Ao analisar a questão, o relator, ministro Luis Felipe Salomão, destacou que, havendo compra e venda do imóvel, com o respectivo pagamento das parcelas ao ex-companheiro, como apontado pelas instâncias ordinárias, a manutenção do bem no inventário de partilha implicaria o enriquecimento ilícito da parte, já que recebera o valor correspondente ao imóvel ao aliená-lo à companheira. Assim, o imóvel objeto do contrato de compra e venda entre eles resta excluído da partilha.

O ministro ressaltou que, ao concluir o negócio jurídico anterior à dissolução da união estável, o qual impugna obrigações bilaterais para as partes, o ex-companheiro obteve vantagem econômica não sendo razoável que agora, por meio de partilha, receba 50% do valor do imóvel que, no exercício de sua autonomia privada, já vendera à companheira. A alienação, por si só, é ato contrário, incompatível com a postulação de partilha. Para ele, “o contrato de compra e venda, em verdade, resulta em reserva do bem em favor da companheira, tornando-o incomunicável e, portanto, não sujeito à partilha”. Com informações da Assessoria de Imprensa do STJ.

Revista Consultor Jurídico, 22 de novembro de 2009, 5h44

Comentários de leitores

1 comentário

PARTILHA DE BENS

roberto rocha (Advogado Associado a Escritório - Tributária)
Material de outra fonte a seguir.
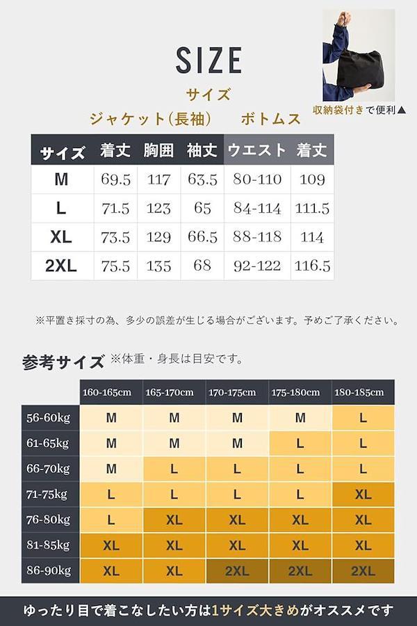 「重量」ジャケット約330g、パンツ約240g「メイン素材」 ポリエステル「利用シーン」ゴルフ 「機能」*防水/撥水加工(耐水圧20,000mm)、防風 「サイズ」 M~2XL <ジャケット> 着丈(背面) / 胸囲 / 袖丈 [M] : 69.5 / 117 / 63.5 [L] : 71.5 / 123 / 65 [XL] : 73.5 / 129 / 66.5 [2XL]: 75.5 / 135 / 68<パンツ> ウエスト / 着丈 [M] : 80‑110 / 109 [L] : 84‑114 / 111.5 [XL] : 88‑118 / 114 [2XL]: 92‑122 / 116.5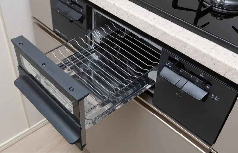 上下のバーナーで両面を同時に加熱。水を入れたり、食材を返す手間もなくスピーディーに焼き上げる調理に便利なグリルです。※Kタイプ除く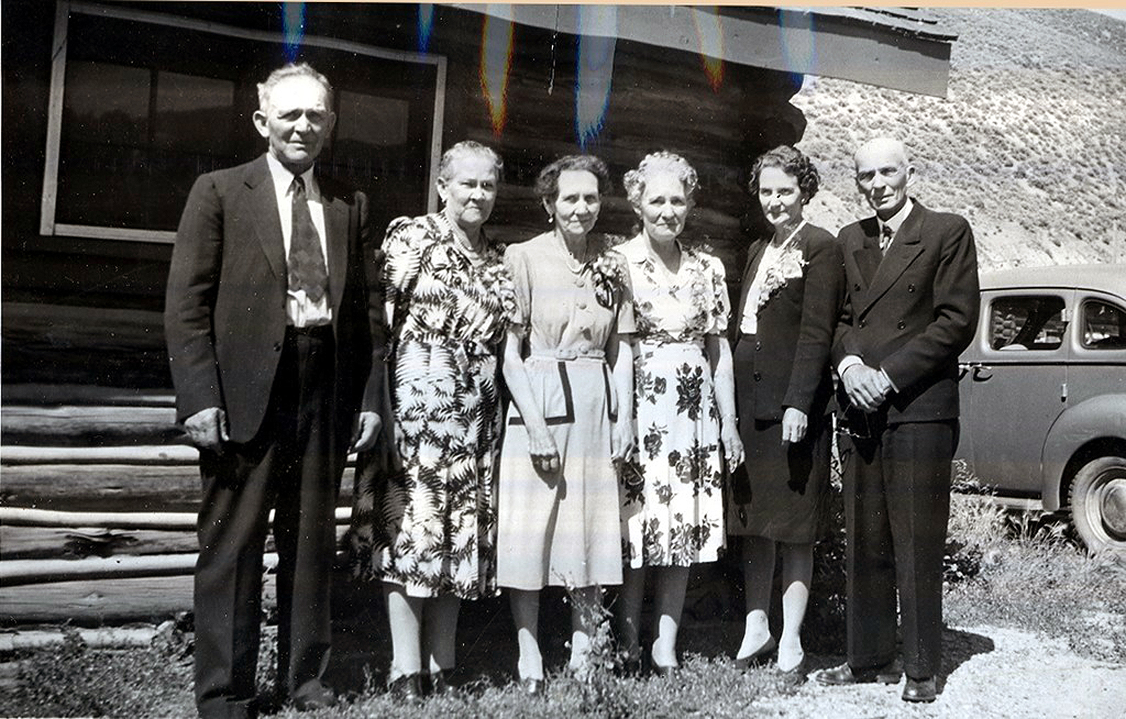 No housewife would find her lot easy who had to house her family of eight in a two room log house. The floors were of rough boards and these are not easy to keep clean under the best of conditions. There couldn't have been much floor space left to view with the furniture and eight pairs of shoes standing on it. Bed-down time was undoubtedly a challenge, for most of the children had to sleep on the floor. It so happened that the former owner had built a small shed, which technically was called a milk house, a short distance from the house to the north toward the corrals. This also had a dirt roof, but the roof was low and in envisioning how improvements could be made, the family decided that if that building could in some manner be attached to the house, it would make more room. Room was so badly needed, so planning and engineering were put to use and it was decided that if the roof of the milk house could be raised to the level of the roof of the house, and the several foot space between the two could be enclosed and roofed, the added section would supply at least a couple additional bedrooms. How soon this project was completed we have no way of knowing, however it is very possible it was not done for two or three years following their moving to the Valley.

O STJ está corretíssimo. É muito simples, o que está na lei é de direito, o que não está deve ser descartado. Muitas destas dicussões somente levam a entupir o judiciário de processos de forma indevida. Se os juizes chamassem as partes, somente através de seus advogados e discutissem o assunto,antes da instrução processual, evitaria que o processo fosse tão longe. Se o négócio é licito, possível, factível e não tem vícios, somente resta dar o direito a quem tem. Infelizmmente muitos de nossos colegas querem inovar, porém sem amparo legal e acabam sofrendo derrotas desta monta.Vamos ser mais cuidadosos com as proposições de ações.O advogado nunca deve agradar ao cliente,fazendo o que ele quer e sim fazendo o que a lei permite,agrada e recebe bons honorários.